### WHAT YOU HAVE TO DO
Go through the listing that follows and write it out exactly. Drop the pictures.

### PROVIDED DATA
____________________
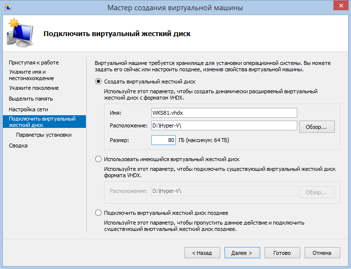Задаем имя, размер и расположение виртуального жесткого диска для ВМ. Обратите внимание, что по умолчанию создается динамический диск формата VHDX, и если вы хотите указать другой тип диска, то надо будет создать и подключить его позднее. Также к ВМ можно подключить уже имеющийся VHD.
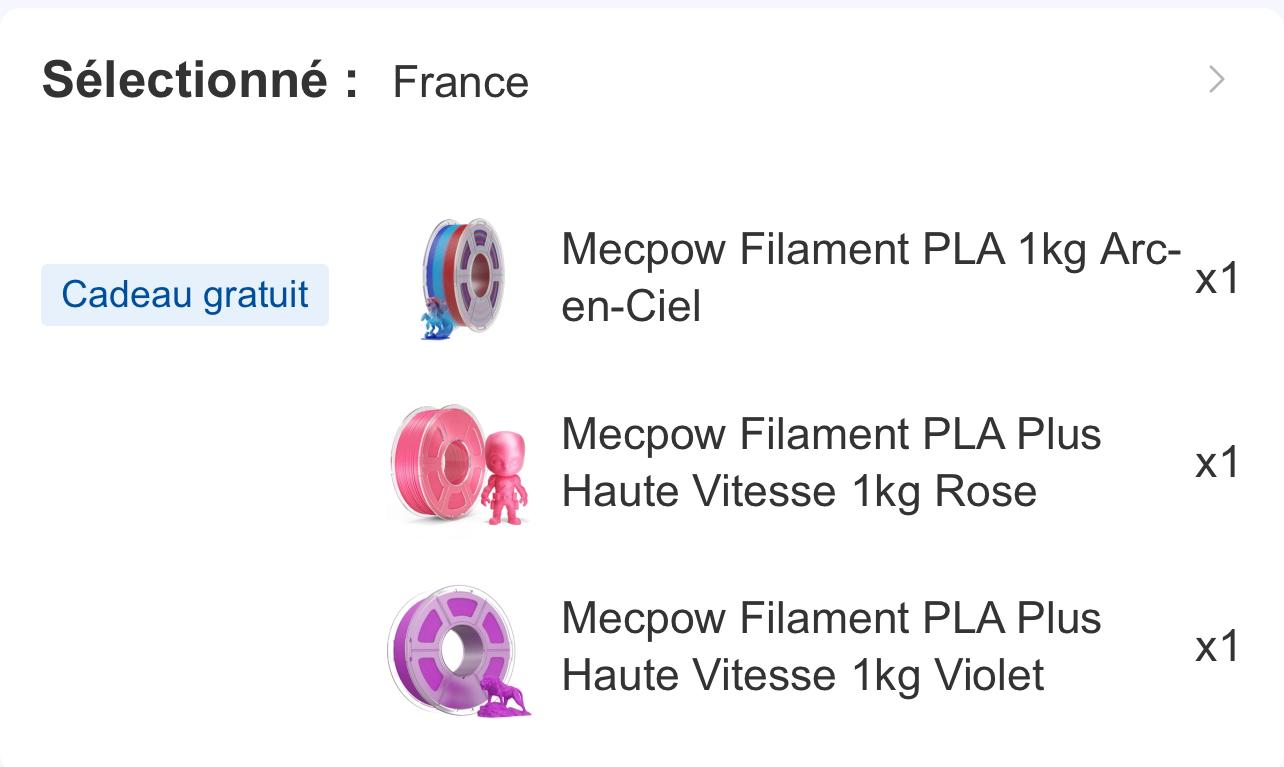 Geekbuying la propose au prix imbattable de 429€ livrée via code réduction avec de plus 1 bobines de 1kg de filament offertes.
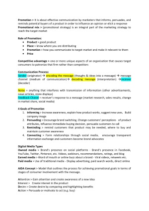Chapter 15 - Marketing Communications Chapter 16 - Advertising, Public Relations, and Sales Promotion Chapter 18 - Social Media and Marketing
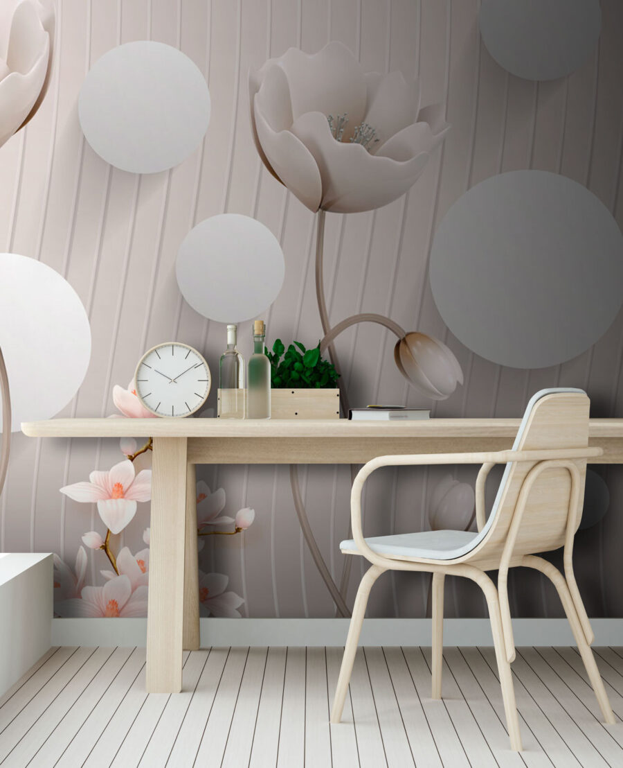 Transforme cualquier espacio con este impresionante mural de pared con delicadas flores y juguetones círculos. Imagínese entrar en una habitación donde las flores suaves invitan a la tranquilidad y el encanto. Es como una suave brisa después de un largo día, que te envuelve en calidez y tranquilidad. Perfecto para iluminar un rincón de lectura acogedor o animar un pasillo aburrido. Esos colores sutiles combinan a la perfección con casi cualquier estilo de decoración, haciendo que se sienta elegante sin esfuerzo. Los invitados pensarán que has contratado a un diseñador. Además, es un recordatorio de que la vida es demasiado corta para no añadir un poco de belleza.
____________________
### ANSWER FOR THIS EXERCISE
Задаем имя, размер и расположение виртуального жесткого диска для ВМ. Обратите внимание, что по умолчанию создается динамический диск формата VHDX, и если вы хотите указать другой тип диска, то надо будет создать и подключить его позднее. Также к ВМ можно подключить уже имеющийся VHD.
 Geekbuying la propose au prix imbattable de 429€ livrée via code réduction avec de plus 1 bobines de 1kg de filament offertes.
Chapter 15 - Marketing Communications Chapter 16 - Advertising, Public Relations, and Sales Promotion Chapter 18 - Social Media and Marketing
 Transforme cualquier espacio con este impresionante mural de pared con delicadas flores y juguetones círculos. Imagínese entrar en una habitación donde las flores suaves invitan a la tranquilidad y el encanto. Es como una suave brisa después de un largo día, que te envuelve en calidez y tranquilidad. Perfecto para iluminar un rincón de lectura acogedor o animar un pasillo aburrido. Esos colores sutiles combinan a la perfección con casi cualquier estilo de decoración, haciendo que se sienta elegante sin esfuerzo. Los invitados pensarán que has contratado a un diseñador. Además, es un recordatorio de que la vida es demasiado corta para no añadir un poco de belleza.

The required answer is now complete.